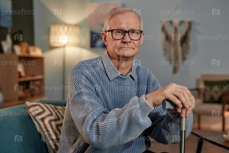 Портрет пожилого человека в очках, сидящего одного на диване с ходовой тростью дома
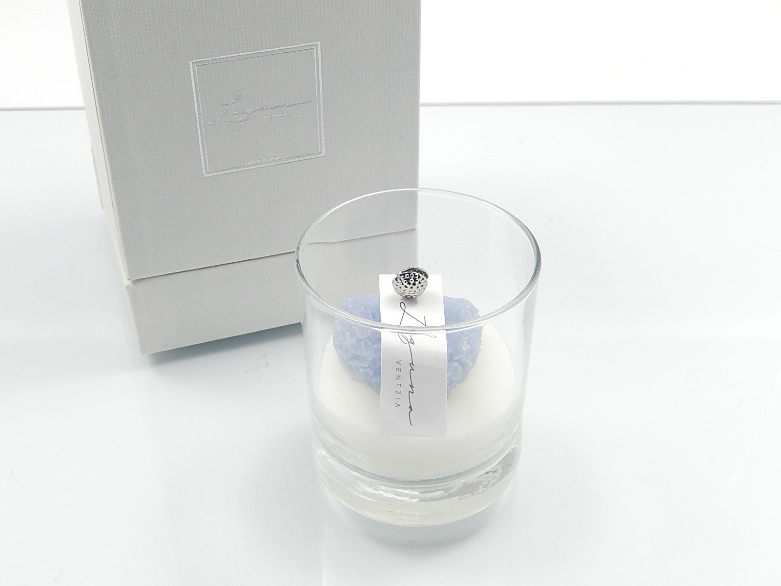LAGUNA-Candela cuore celeste con bicchiere di vetro
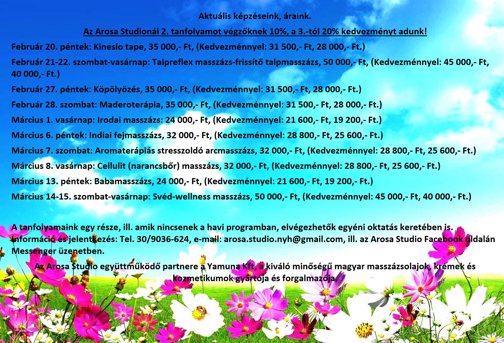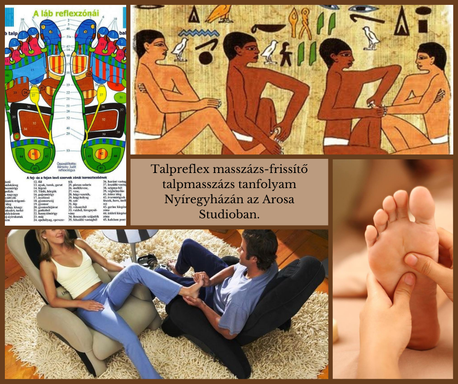 Talpreflex masszázs-frissítő talpmasszázs tanfolyam Nyíregyházán az Arosa Studio masszőr iskolában. Időpont: 2026. február 21-22. szombat-vasárnap.2 napos intenzív gyakorlatorientált képzés, Kormányhivatal által regisztrált tanúsítvánnyal, igény esetén angol-német nyelven is. A tanulók heti 1 alkalommal keddi napokon ingyenes gyakorlási lehetőséget kapnak, illetve ingyenesen gyakorolhatnak a következő talpmasszázs tanfolyamokon. Ár: 50 000,- Ft. (Kedvezménnyel: 45 000,- Ft, ill. 40 000,- Ft.) A talpmasszázs ismerete a masszőrnek napjainkban szinte mindenhol elvárt, a legfontosabb kiegészítő képesítés a klasszikus -svéd masszázson felül. Külföldi munkavállalásnál, szállodákban, wellness létesítményekben különösen fontos az ismerete, elengedhetetlen. A képzés során a tanulók megismerik a talpreflex masszázs hatásmechanizmusát, a reflexzónák elhelyezkedését, és a talpmasszázs speciális fogásait, ezen felül a frissítő talpmasszázs technikáit is.Jelentkezés a 30/9036-624-es számon.
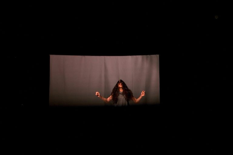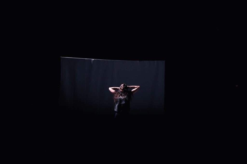 最初的配置呼應著整個創作的起心動念——田孝慈背對觀眾走在舞台的邊角,面朝上舞台的椅子,燈光聚焦——一個反身向內的檢視。接著她轉過身,上下左右緩慢擺動頭部,並從這刻起直勾勾地盯著正前方的觀眾席,將我們的觀看「反彈」回來。事實上那並不是一個太舒服的經驗,我幾乎是在感受到視線的瞬間就觀察到自己進入輕微的警戒狀態——下意識地,我調整了一下坐姿,把頭擺正。
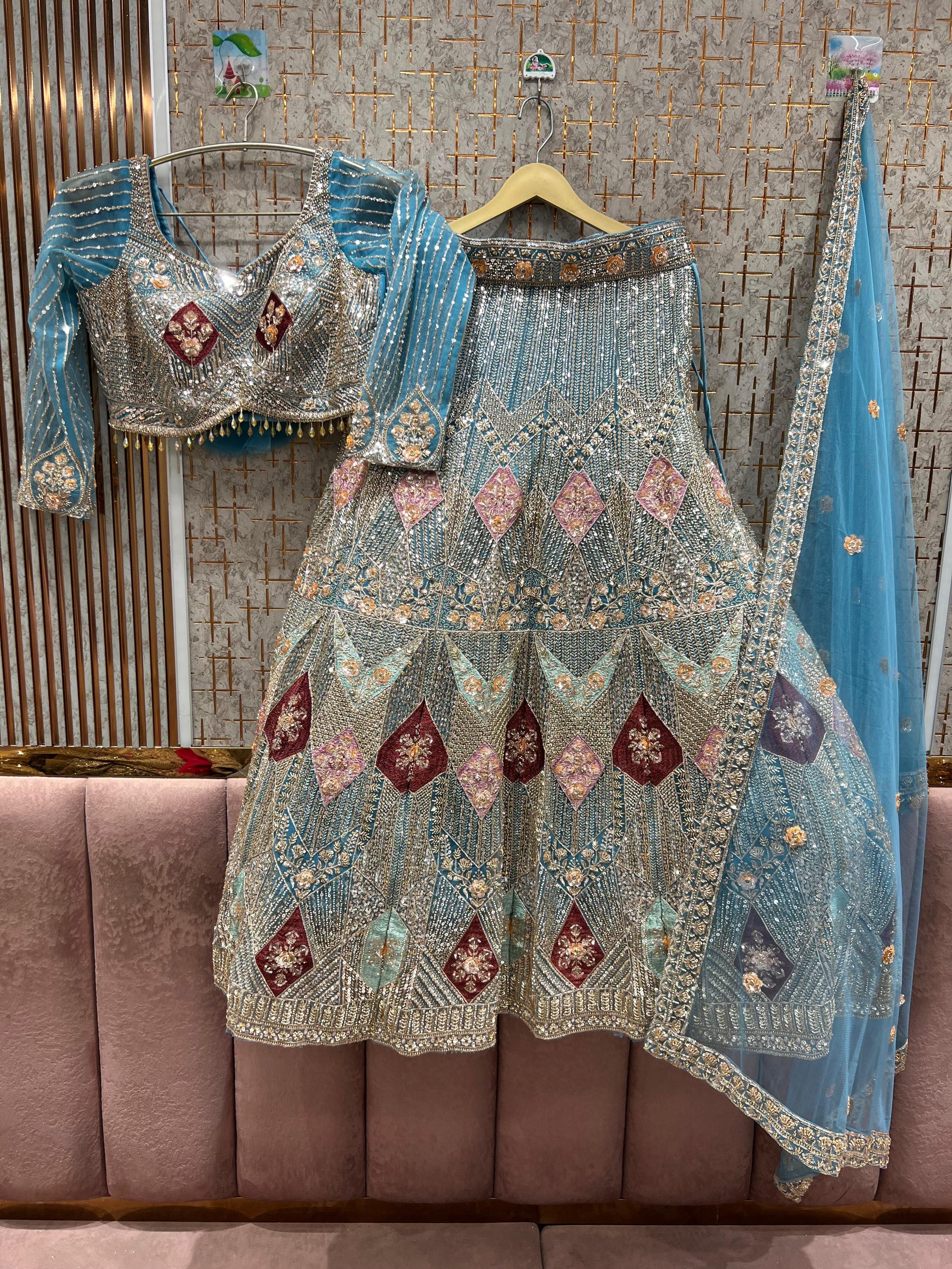 - ₹25,000 – ₹50,000: Premium partywear lehengas with intricate craftsmanship
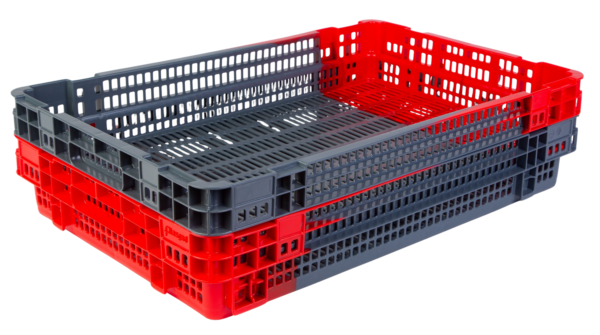 The Hudson Exchange 23.5 x 15.75 x 4" Agricultural Vented Crate offers versatile storage with stackable and 50% nestable design, distinguished by two colors for easy mode identification. Its vented structure ensures optimal airflow, making it ideal for freezing and other temperature-sensitive applications. Crafted for multipurpose use, this handled tote supports various industries requiring durable, efficient containment and transport.
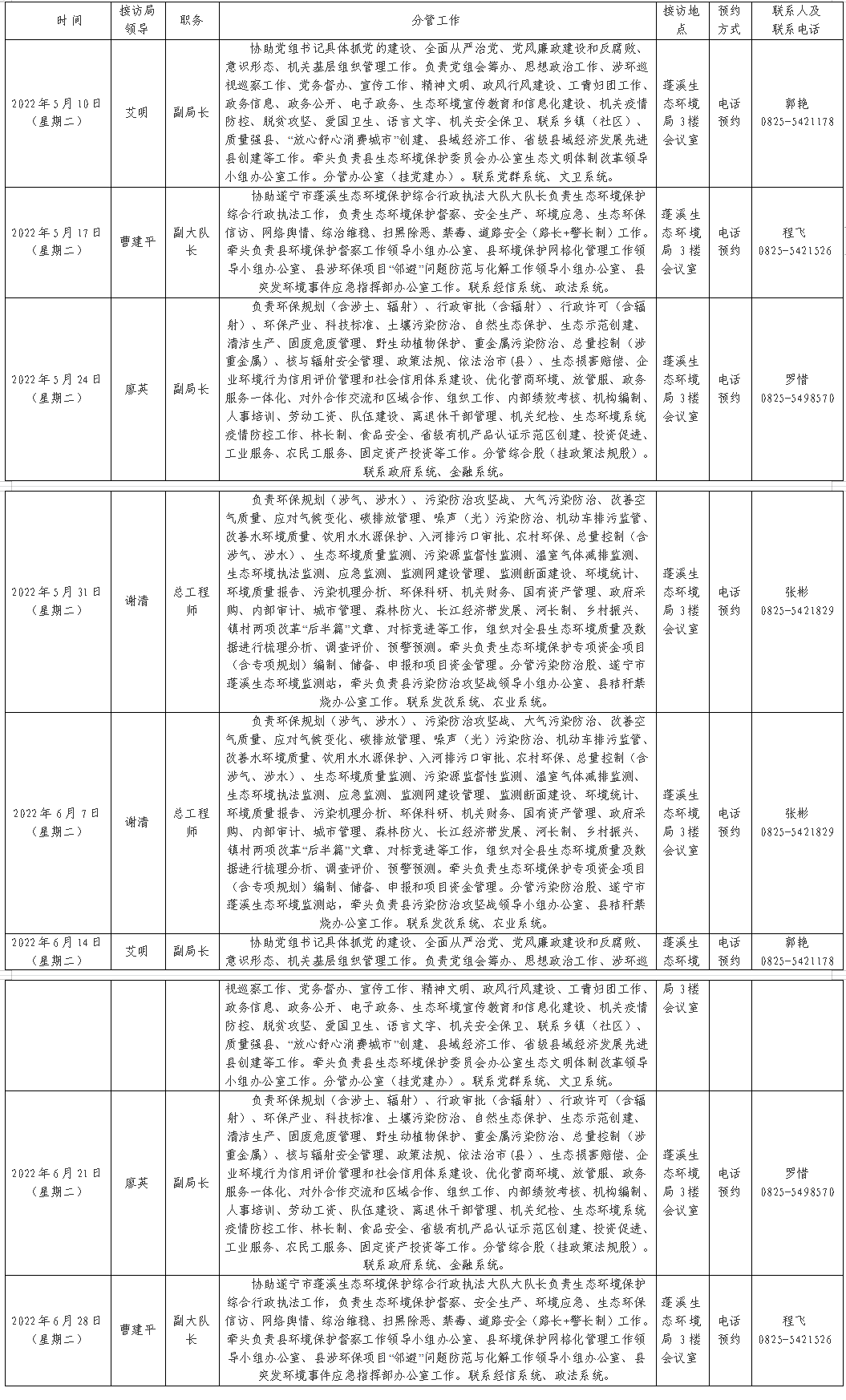 为深入贯彻习近平生态文明思想和习近平总书记关于加强和改进人民信访工作的重要论述,切实增强宗旨意识,不断提升人民群众满意度和获得感,经研究,决定开展“服务群众办实事 遂宁市蓬溪生态环境局局长接待日”活动,现将2022年5月和6月接访安排公告如下。
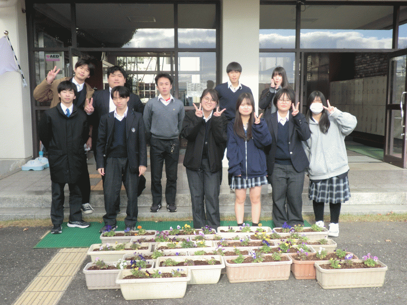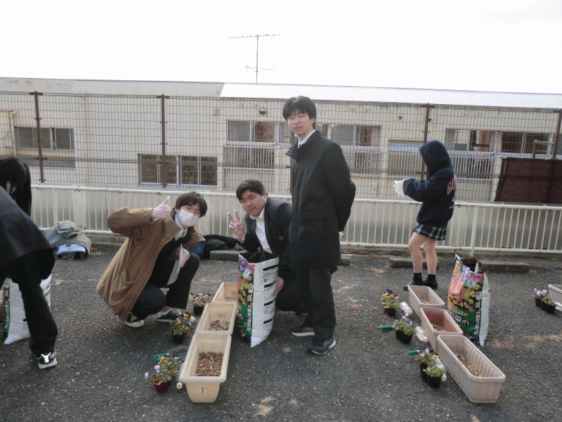 12/12(金)3年保健委員の生徒たちが、環境美化活動の一環として、パンジーの植え付けをしました。
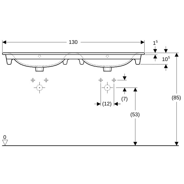 Geberit Möbel-Doppelwaschtisch Renova Plan 130x48cm, mit Hahnloch, mit Überlauf, weiß W50020
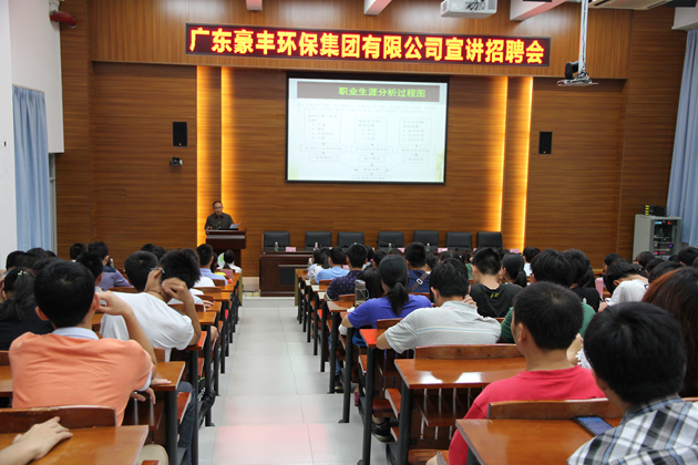 最后,豪丰环保集团进行了宣讲招聘,得到了学生的热情回应,学生积极提交简历,并与公司招聘人员就公司发展情况、个人晋升及职业发展进行了详细交流。

**********

• **WORK REQUIRED**
Beginning with the line that contains "- ₹25,000 –", output each line of the material above through the last one exactly as it stands. Do not include the pictures.

• **SOLUTION FOR THIS PROBLEM**
 - ₹25,000 – ₹50,000: Premium partywear lehengas with intricate craftsmanship
 The Hudson Exchange 23.5 x 15.75 x 4" Agricultural Vented Crate offers versatile storage with stackable and 50% nestable design, distinguished by two colors for easy mode identification. Its vented structure ensures optimal airflow, making it ideal for freezing and other temperature-sensitive applications. Crafted for multipurpose use, this handled tote supports various industries requiring durable, efficient containment and transport.
 为深入贯彻习近平生态文明思想和习近平总书记关于加强和改进人民信访工作的重要论述,切实增强宗旨意识,不断提升人民群众满意度和获得感,经研究,决定开展“服务群众办实事 遂宁市蓬溪生态环境局局长接待日”活动,现将2022年5月和6月接访安排公告如下。
 12/12(金)3年保健委員の生徒たちが、環境美化活動の一環として、パンジーの植え付けをしました。
 Geberit Möbel-Doppelwaschtisch Renova Plan 130x48cm, mit Hahnloch, mit Überlauf, weiß W50020
 最后,豪丰环保集团进行了宣讲招聘,得到了学生的热情回应,学生积极提交简历,并与公司招聘人员就公司发展情况、个人晋升及职业发展进行了详细交流。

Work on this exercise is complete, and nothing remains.